Gravitational waves are emitted by coherent acceleration of a large portion of matter. They cannot be shielded, and they arrive to the detector in pristine condition. They can reveal features of their sources that other messengers can’t provide.
A pulsar in the sky has been shown to lose energy exactly as general relativity predicts. The orbital period decreases. So we are confident that GWs exist.
The methods of detection at very low frequency involve cosmic microwave background polarization. When the wave period is years, we go to pulsar timing. For higher frequency there are space interferometers, and present detector already taking data are at very high frequency.
We can learn a lot by detecting the waveforms of gravitational waves. For a supernova the information is a inner detailed dynamics of the SN. For spinning neutron stars, one gets the neutron star locations near the earth, and pulsar evolution. For coalescing binaries (two compact objects spiraling into one another) one can determine masses of the objects, distance to the system, measuring the Hubble constant. The stochastic background, relic of the early universe, provides a confirmation of the big bang, and inflation. It is also a unique probe to the Planck epoch. It might even provide the proof of existence of cosmic strings.
The speaker mentioned that every newly opened astronomical window has found unexpected results. Optical window was opened by Galilei, and the first surprise was Jupiter’s moons. Cosmic rays in 1912 provided us with the discovery of the muon. And so on. So the point is clear: if we open a window to study gravitational waves we are confident of new discoveries and surprises.
In the world there are several interferometric and resonant-mass detectors. Auriga and Nautilus are the only resonant-mass detector in operation now.
Forty years of attempts of detection have passed. There is a international committee for gravitational waves (GWIC). There is a lot of collaboration rather than competition, because of the need to join forces and data.
There was a phase change in the view. From 2005 on, we know that there are no such strong sources in the sky, need to be more conservative and try to detect the sources we imagine in the sky at the moment. A world-wide network of interferometers is composed of LIGO in Hanford and Livingston, VIRGO in Italy, GEoO600, and Kagra, a 3km interferomenter, is in preparation underground in the Kamioka mine.
Detecting such a tiny signal in presence of noise of all kinds mean isolation of mirrors from ground and acoustic sources. Need to use material that reduce thermal noise. The sensitivity is limted at low frequency by seismic noise, in the middle part by thermal noise. The progress in reducing the noise in LIGO can be illustrated with a graph of the strain as a function of frequency. The reduction versus time from 2001 to 2006 has allowed to go down by over three orders of magnitude.

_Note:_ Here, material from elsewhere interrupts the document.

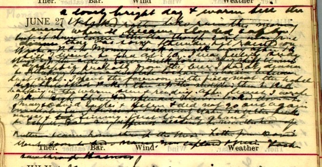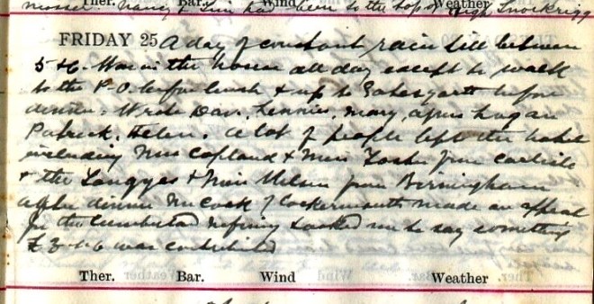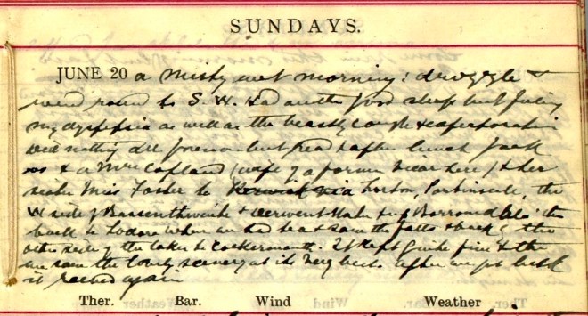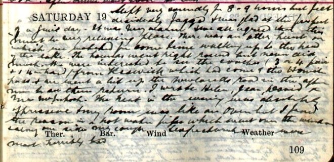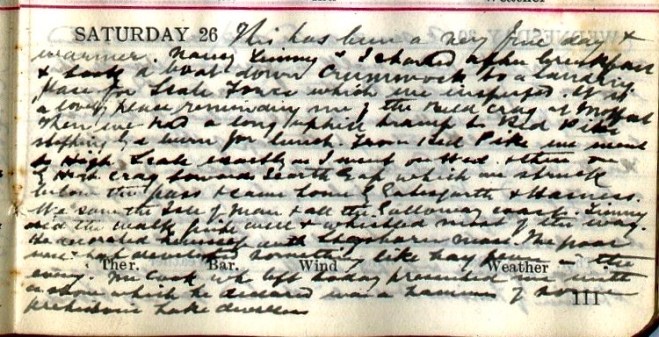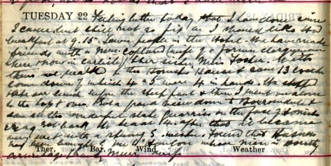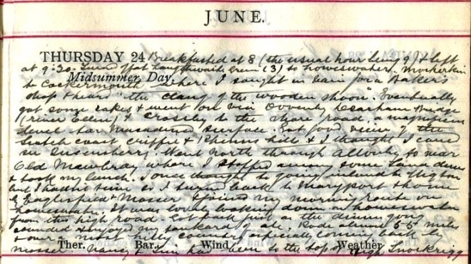 A fine morning + fair up till about 3 when rain came on + fell heavily till nearly 8. I went for a cycle run across Newlands Pass returning by Whinlatter + Swinside = 21.55 miles1. Newlands is a fair road, very steep to the top but summit = 1.33. On the other side a short rough piece + then all the rest rideable except the Devil’s Elbow2. From top to a road that turns off to Swinside it is 5.27 + the whole distance to Braithwaite will be 7. Went round to Portinscale + Braithwaite + then up Whinlatter, a splendid road but steep for over a mile. Had fine views of Skiddaw3 + Bassenthwaite. It began to rain on my way up + I got very wet. Came back by the other Swinside, a rough + hilly road. Nancy + Tim4 walked to Loweswater. Got P.C. [postcard] from the Lady of the Magic Cave!5

What were the results of LIGO and VIRGO ? We have not yet a detection in our hands, but we think this is not far in the future. Data is analyzed jointly. Several year long science data runs have happened. Limits on gravitational waves from known millisecond pulsars have been set, and on compact binary coalescence rates in our local neighborhood. There are also limits in stochastic background of cosmological origin.
One can also think of searching for coincidence between neutrino telescopes and gravitational waves. A paper (Phys.Rev.Lett. 103 (2009) 031102) describes the concept.
After this first data, interferometers are off because they are preparing a second generation: advanced VIRGO and advanced LIGO. The sensitivity now is such that one could detect tens or hundreds of events per year by increasing the sensitivity by a factor of 10. This is possible with more powerful lasers, different topologies of interferometry, optimization, and putting all that we have learned to work. In 2015 this could be done and is the present goal.
The present array can be completed with a detector in India, LIGO-India. This is a 2-km interferometer that could be transported from the US to India. This improves the localization capability for a signal. It would also remove some blind spots in the sky.
So we are on the threshold of a new era of gravitational wave astrophysics. Sensitivities. But a third generation is already being thought of: underground detectors to remove noise and cryogenic, to reduce thermal noise. A 10km triangle underground can detect sources in a wide portion of the universe. This requires pushing forward the technology.
In space allows to escape from backgrounds at small frequencies. The LISA detector originally had arms of 5 million kms. Has been reduced because of costs. There will be savings in weight, launch cost. A demonstrator will be launched next year.